Corcoran launches real estate listings app for iPad

Brokerage leads the pack into the tablet market
By Guelda Voien | August 17, 2012 01:00PM

Corcoran has become the first major New York City brokerage to put out a real estate application specifically designed for Apple’s popular tablet, the iPad. Launched this week, the app lets iPad users browse listings and contact agents on the device; using GPS, it enables home-seekers to find out about apartments available for sale and rent nearby, as well as neighborhood amenities.

The app provides high-resolution images, floorplans and broker contacts for Corcoran listings, much like the firm’s website but with the touchscreen interface the iPad offers. The pictures are lovely and the GPS convenient, but there appear to be a few kinks to work out — not uncommon with new-to-the market apps. When The Real Deal test drove the app, we found buttons that didn’t work, and experienced difficulty switching between landscape and letter views; at one point the application crashed, requiring us to restart the device.

That said, having a custom-built iPad app will likely be a boon for the brokerage, which has beaten most of its competitors to the milestone. Sotheby’s International Realty does offer a mobile app, SIR Mobile, that can be accessed on the iPad, and Brown Harris Stevens allows iPad users to browse brokers bios through an app called “The Portraits,” though that program does not show any listings.

Sotheby’s has also optimized its website for “fully functional viewing,” on the iPad, a spokesperson for the brokerage said. Halstead, Town, Prudential Douglas Elliman and Core do not yet have iPad apps, representatives indicated.

  • martin levi

    How is this any better than logging into a website on your ipad and searching for listings on the broker’s site? It is just another headline that is of no use to a consumer and a waste of money.

  • dorkofwindsor

    Is the experience better than streeteasy? Hopefully, because that is how they are going to collect their data on users. On the web, when the listing is corcoran i do enjoy clicking into their site with the huge pictures. Another broker, not so much i’ll just click through streeteasy.

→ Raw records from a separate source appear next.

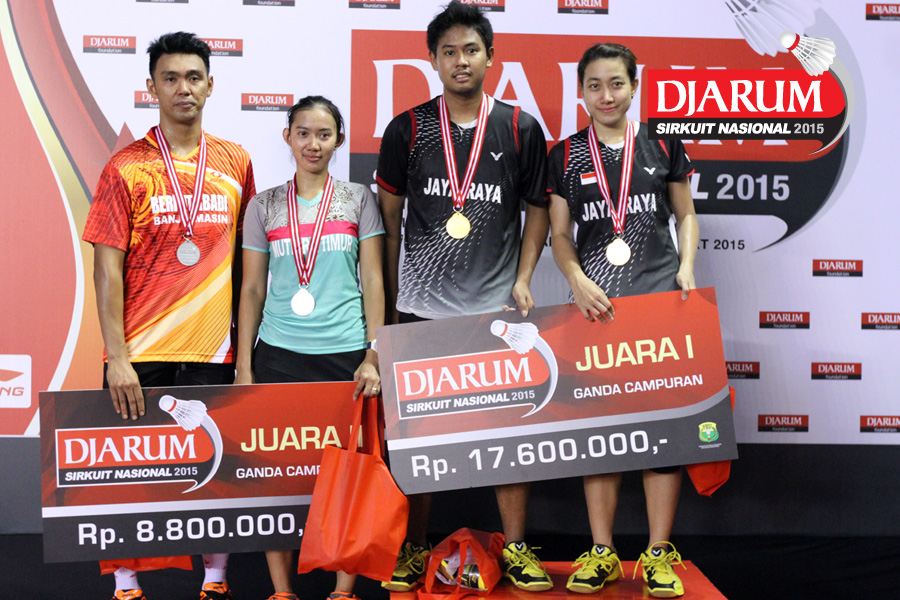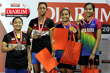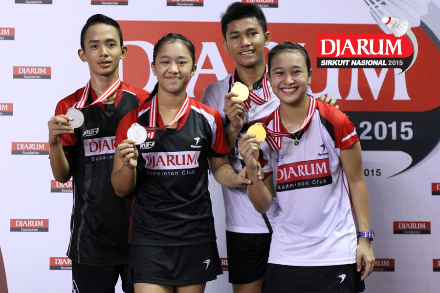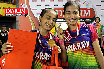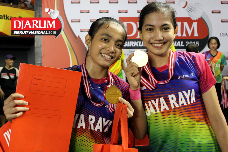 Syifa Fauziah/Virny Putri (Jaya Raya) memamerkan medali emasnya
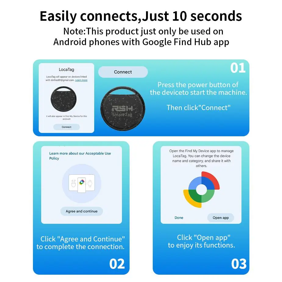 Easy Connction and Data security: Simply turn on the android Bluetooth tag and put it near your android phone, a pairing window will then automatically pop up. The Google find My network isencrypted and anonymous. The location data and history of your belongings are not stored and cannot be known by Google systems, ensuring your data security
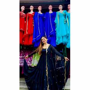 Introducing our Fancy Neck Georgette Gown with Full Flair and Chudidar Sleeves - the perfect blend of elegance and style. Crafted with premium quality georgette fabric, this gown is designed to accentuate your curves and make you feel like a queen. The gown features a fancy neck design that adds a touch of glamour to your overall look. The full flair of the gown adds a playful and feminine charm, making it ideal for any formal occasion. The chudidar sleeves are the perfect finishing touch, elegantly hugging your arms and adding an extra layer of sophistication. Not only is this gown visually stunning, it is also comfortable to wear. The lightweight georgette fabric allows for ease of movement, ensuring you can dance the night away without feeling restricted. Our Fancy Neck Georgette Gown is perfect for those special occasions such as weddings, parties, and formal events. Make a statement and stand out from the crowd with this unique and beautiful gown. Choose from a variety of colors to match your personal style. Available in XS to XXL sizes, this gown is perfect for women of all shapes and sizes. Invest in our Fancy Neck Georgette Gown today and experience the perfect blend of style and comfort. Upgrade your wardrobe and make heads turn wherever you go.
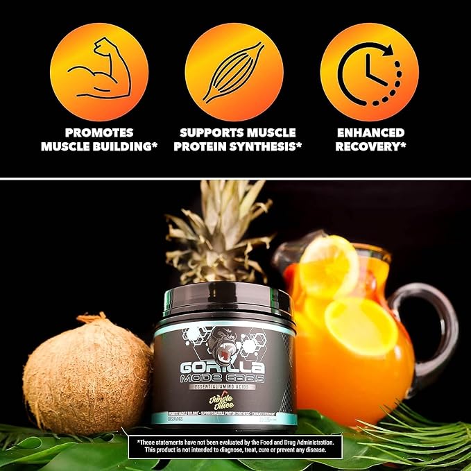 - ALL NINE ESSENTIAL AMINO ACIDS - Essential Amino Acids (EAAs) are not produced in the body endogenously and therefore need to be ingested via diet or supplementation. Gorilla Mode EAAs ensures you reach the optimal amount of EAAs to reduce muscle degradation.
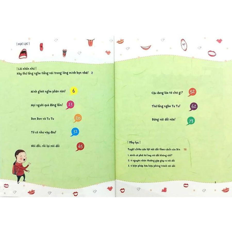 - Tại sao nói dối lại không tốt: Cuốn sách giúp trẻ hiểu rõ tại sao nói dối lại là một hành động sai trái và có thể gây ra những hậu quả nghiêm trọng như mất lòng tin của người khác, ảnh hưởng đến mối quan hệ gia đình, bạn bè.
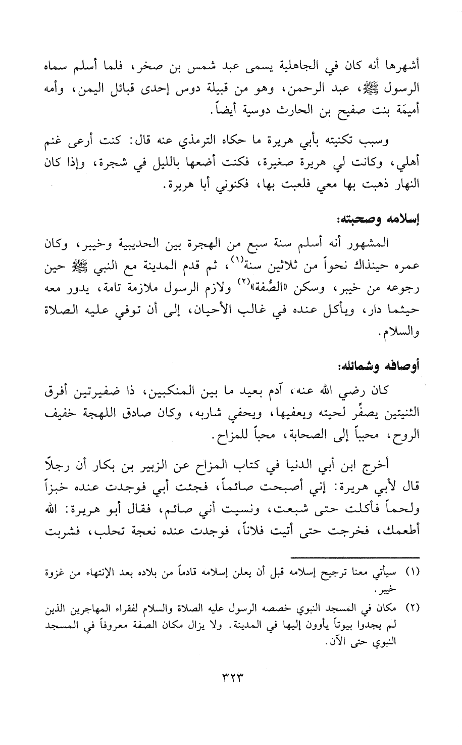 المشهور أنه أسلم سَنَةَ سبع من الهجرة بين الحديبية وخيبر، وكان عمره حينذاك نحواً من ثلاثين سَنَةٍ (¬1)، ثم قدم المدينة مع النَّبِيِّ - صَلََّى اللهُ عَلَيْهِ وَسَلَّمَ - حين رجوعه من خيبر، وسكن «الصُفَّةَ» (¬2) ولازم الرسول ملازمة تَامَّةً، يدور معه حيثما دار، ويأكل عنده في غالب الأحيان، إلى أن تُوُفِّيَ - عَلَيْهِ الصَلاَةُ وَالسَّلاَمُ -.
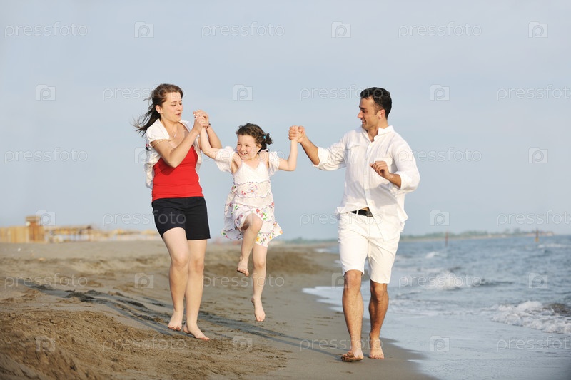 Счастливая молодая семья на пляже
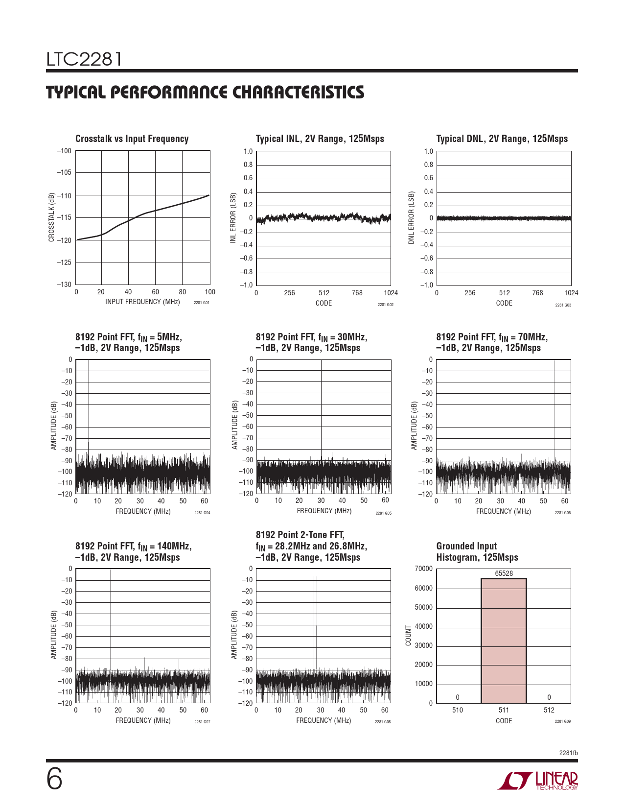 0 0 70000 65528 –10 –10 –20 –20 60000 –30 –30 50000 –40 –40 –50 –50 40000 –60 –60 COUNT –70 –70 30000 AMPLITUDE (dB) –80 AMPLITUDE (dB) –80 20000 –90 –90 –100 –100 10000 –110 –110 0 0 –120 –120 0 0 10 20 30 40 50 60 0 10 20 30 40 50 60 510 511 512 FREQUENCY (MHz) 2281 G07 FREQUENCY (MHz) 2281 G08 CODE 2281 G09 2281fb 6
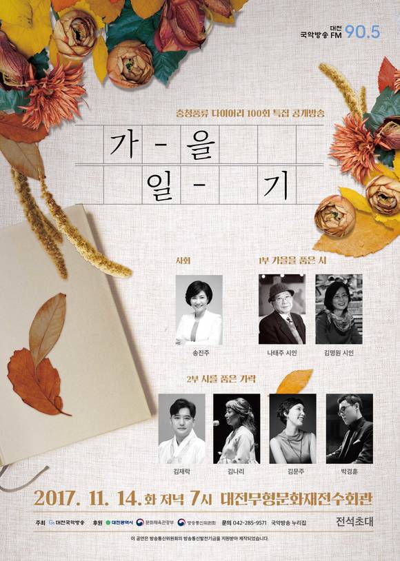 공개방송 가을 일기는 오는 14일 화요일 저녁 7시부터 국악방송 웹 TV, 페이스북 LIVE를 통해 전국 어디서나 생방송으로 시청할 수 있다.
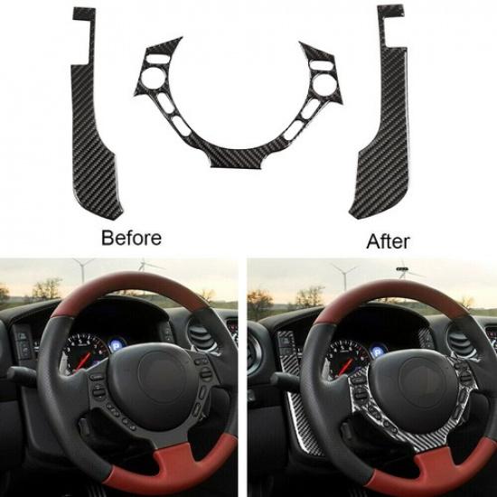 For Nissan GTR R35 Carbon Fiber Speedometer&Steering Wheel Button Cover Trim
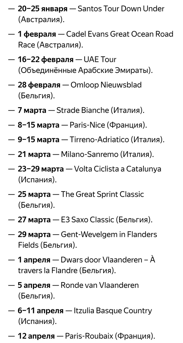 Новый сезон велогонок предвещает нам много интересных событий :) Произошло много изменений в командах, ратации (в том числе самыми именитыми спортсменами), смены команд велогонщиками. Некоторые команды перестали существовать из-за отсутствия поддержки со стороны спонсоров. Результаты всего этого мы увидим собственными глазами :)
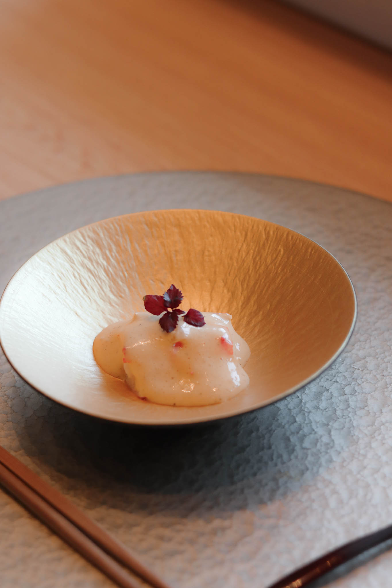 Each course arrived beautifully plated, with a quiet confidence that didn’t overcomplicate the flavours. Even the tempura course — often an afterthought elsewhere — was light, crisp, and full of nuance (snow crab, lotus root, and kogomi mountain vegetables were standouts). Dessert closed with fresh fruit and a silky strawberry pudding with warm egg yolk sauce.
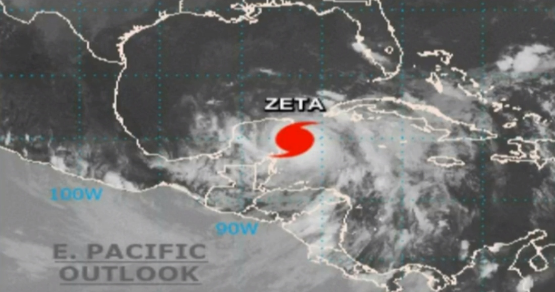 "Zeta" continúa en tierra y durante las siguientes horas mantendrá lluvias torrenciales en el norte de Quintana Roo y el oriente de Yucatán; intensas en Chiapas, muy fuertes en Campeche y fuertes en Tabasco.
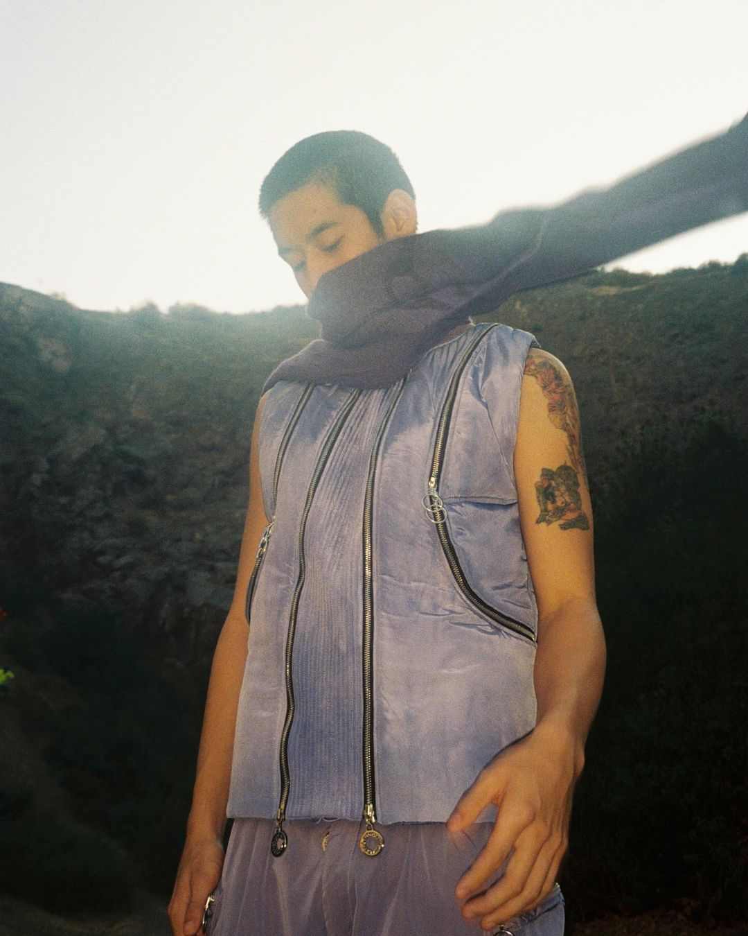 奇异的立体廓形、醒目且风格强烈的大面积印花图案,以及独特的漂染式色调,这些帮助 Charlie Constantinou 迅速成名的招牌画风特征,也同样出现在品牌的多件单品之中,不断延续着自己「异世界末日」般氛围的飘渺美学概念。
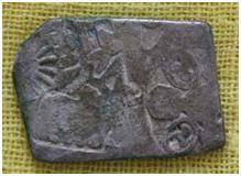 | Description / विवरण | The coin is an imperial type of Punch- marked Coin. The shape of the coin is pentagonal. Obverse Sun, Six armed wheel, bull, an animal stands above the hill. Reverse The symbols are indistinct. |
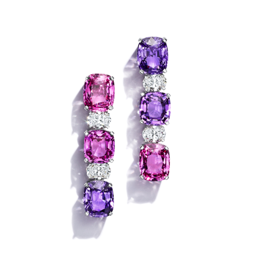 Earrings in platinum with unenhanced pink and purple sapphires and diamonds
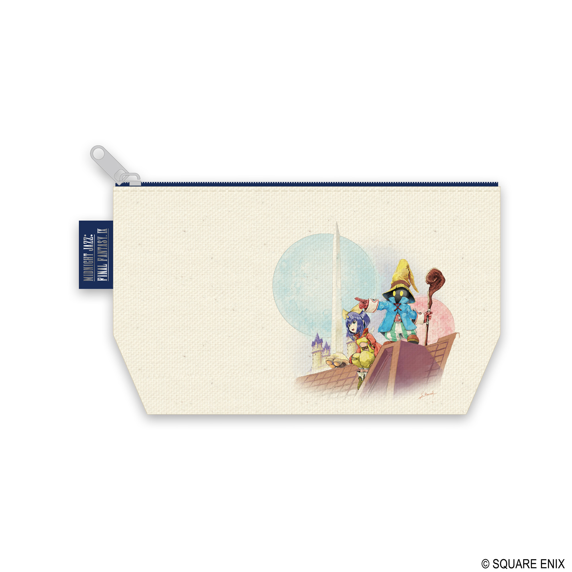 『ファイナルファンタジーIX』のビビとエーコが夜をのんびり過ごすイラストがデザインされたポーチ。
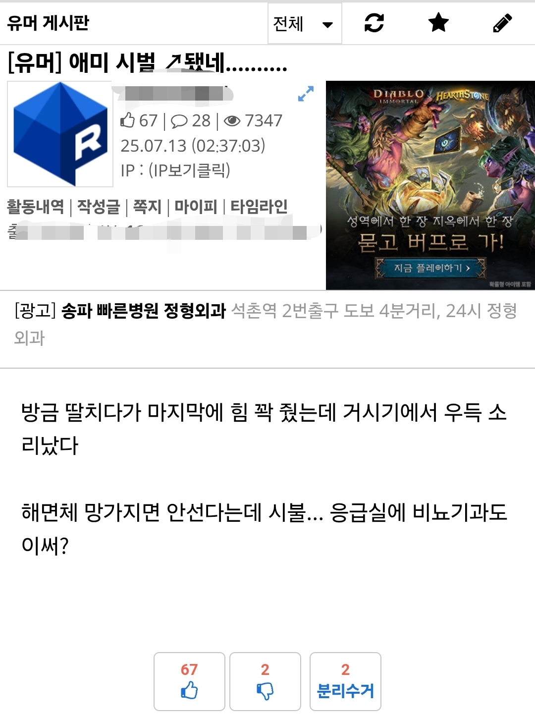 음 전봇대 넣다가 걸려서 실려오는 인간정도 아니면 감흥이 없는건가 | 25.08.06 21:11 | | |
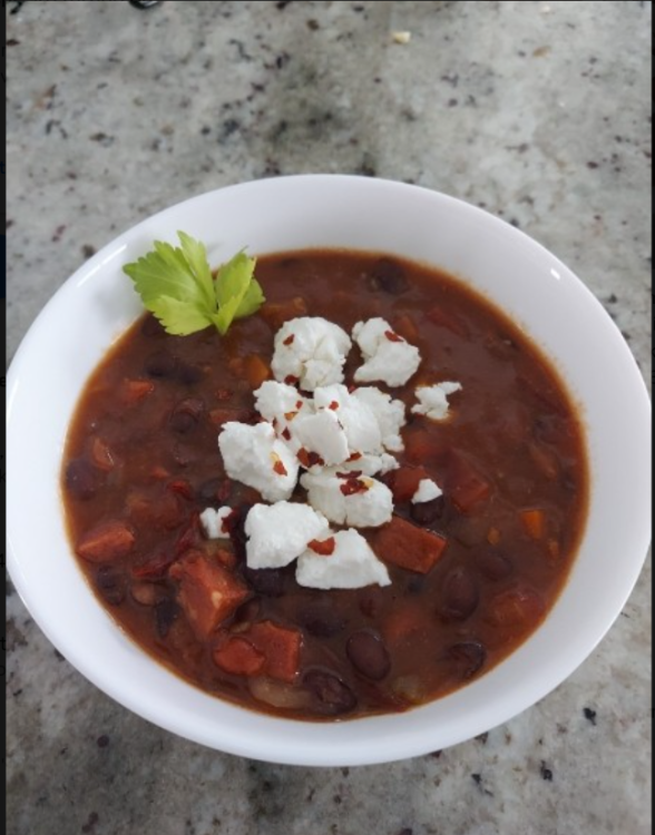 2. By all accounts we're going to be snowed in through the weekend, so I whipped up some black bean and Linguica (Portuguese sausage) soup- topped off here with a little bit of goat cheese.
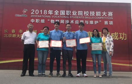 继我校代表队在2018年全国职业院校技能大赛中职组电子电路装调与应用比赛中摘得两枚金牌之后,6月2日在长春举办的2018年全国职业院校技能大赛中职组物联网技术应用与维护赛项中,我校谈紫芬、杜时英老师指导的李正、彭俊皓、刘昊同学与来自全国115支队伍同场比拼,经过3小时的激烈角逐,大获全胜,又为上海市夺得3枚金牌!谈紫芬、杜时英两位老师荣获“优秀指导教师奖”。
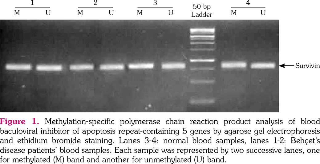 Results: Oral aphthous ulcer, genital ulcer, and skin lesions were the most common clinical manifestations in BD group. MS-PCR showed that the deoxyribonucleic acid samples of BD and control groups were not different in methylated and unmethylated areas and alleles were heterozygote. No significant difference was observed in the plasma levels of survivin in BD (98.86±25.5 pg/mL) and control (118.16±37.4 pg/mL) groups. There was no significant correlation between survivin plasma levels and BD activity.
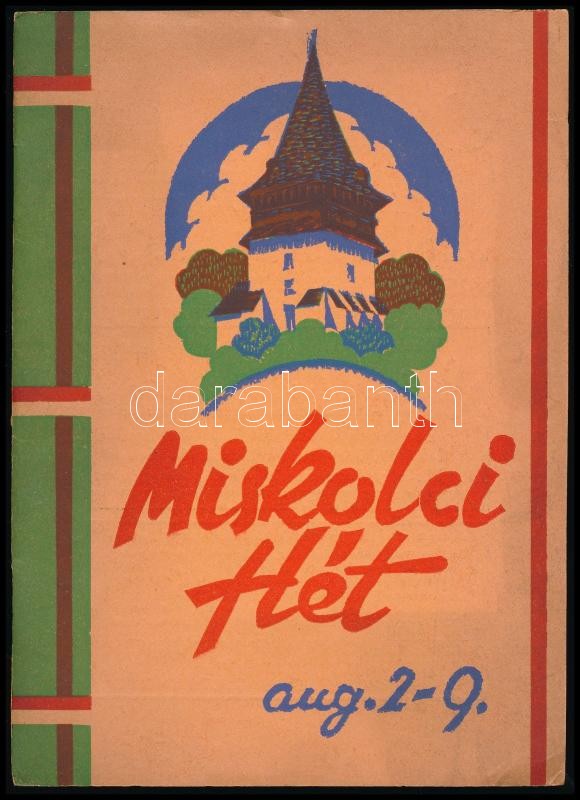 1936 Miskolci hét 1936 augusztus 2-9. Czókoly István grafikus illusztrációival. Miskolc, Miskolci Könyvnyomda Rt., 32 p. Fekete-fehér fotókkal, Miskolc térképével illusztrálva. Illusztrált papírkötés, korabeli reklámokkal.
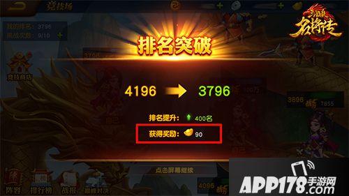 每次突破自己的历史最高排名,都将获得一笔可观的元宝奖励。在前期大家战力都不高的情况下,尽快打通竞技场可获得大量元宝。
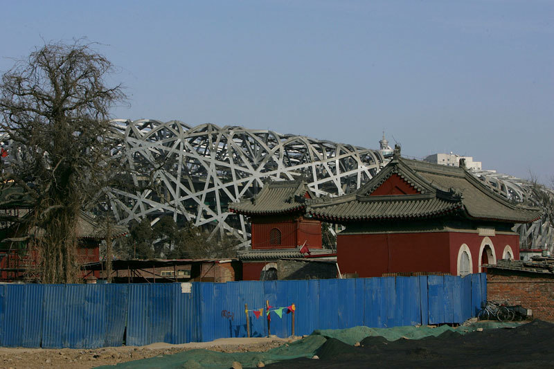 鳥巢和水立方在北京的中軸線附近,那裡是北京的老墳地,施工剛開始就挖出來許多棺材和屍骨,但施工仍然繼續。2004年8月27日下午3時,幾個工人剛剛拆掉娘娘廟兩扇廟門,一陣罕見大風平地而起。
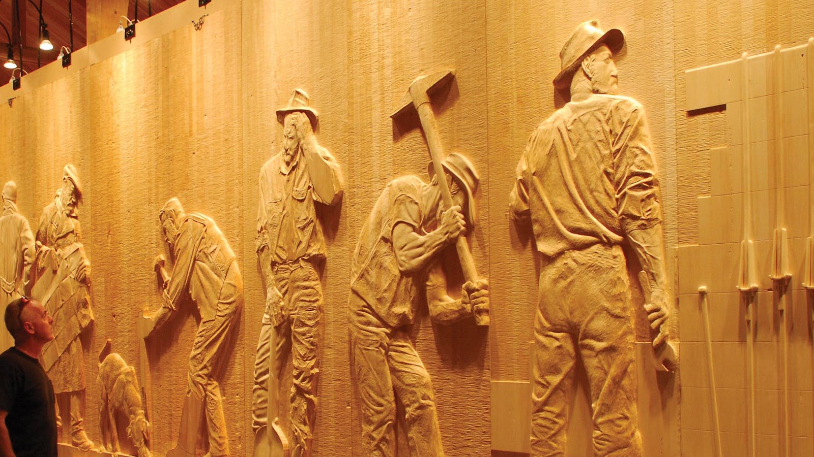 The Wall In The Wilderness is situated at Derwent Bridge in Tasmania’s Central Highlands. It is Australia’s most ambitious art project undertaken in recent years. By 2015 creator/designer, Greg Duncan plans to carve the history of the highlands in 100 metres of timber, most of which will be in our rare Huon Pine.
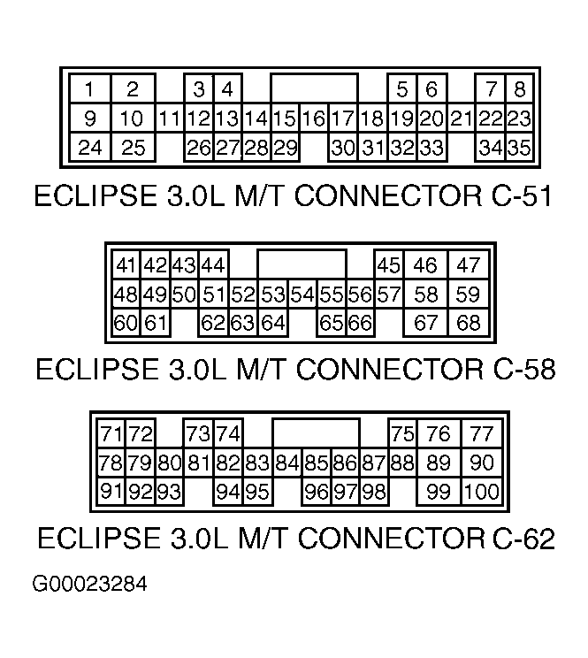 - Check ECM connectors C-58 and C-62 or PCM connectors C-55 and C-59 for loose, damaged or corroded terminals. If problem exists, repair connector, then go to step 14 . If problem does not exist, go to next step.
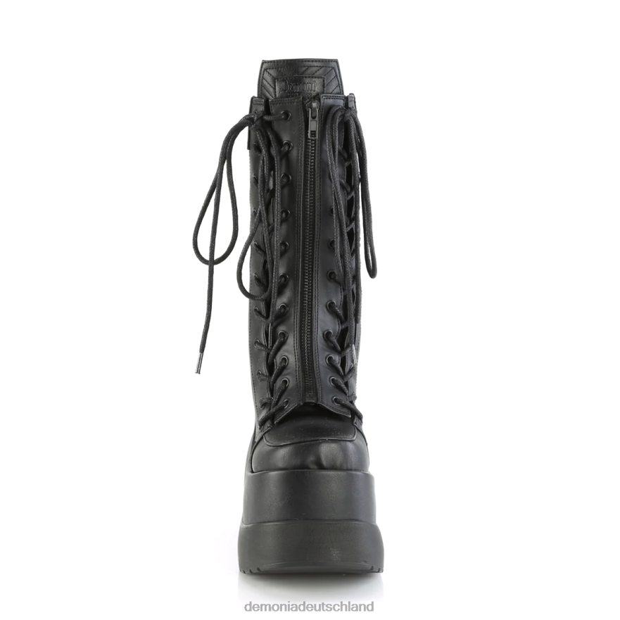 5 Zoll (127 mm) keilabgestufter Plateaustiefel außen und innen mit Schnürung in der Mitte der Wade, sargförmiger Zunge, gepolstertem Kragen und Reißverschluss in der Mitte
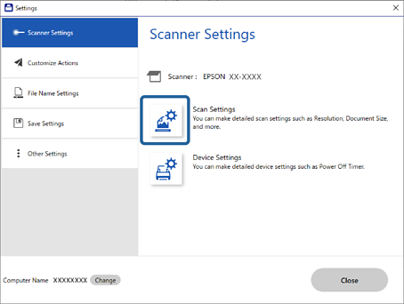 Tarayıcı Ayarları sekmesinde Tarama Ayarları öğesine tıklayın.

    Right now when they pitch a seller the online data is a little tough to swallow, but now that they’ll have concrete data from this “dongle” they can tell their rich clients these are real buyers, and it will be believable.

    The question I have is can they tell who are their competitors and carve out that data, as well as look over their shoulder. If so, that would be a nice feature for corcoran.

    So delivering buyers a better experience is good, but the data will cinch the deal.

  • Guelda Voien/TRD

    To the first point– while it may not diverge terribly from the firm’s website visually, it does use gps, which websites do not.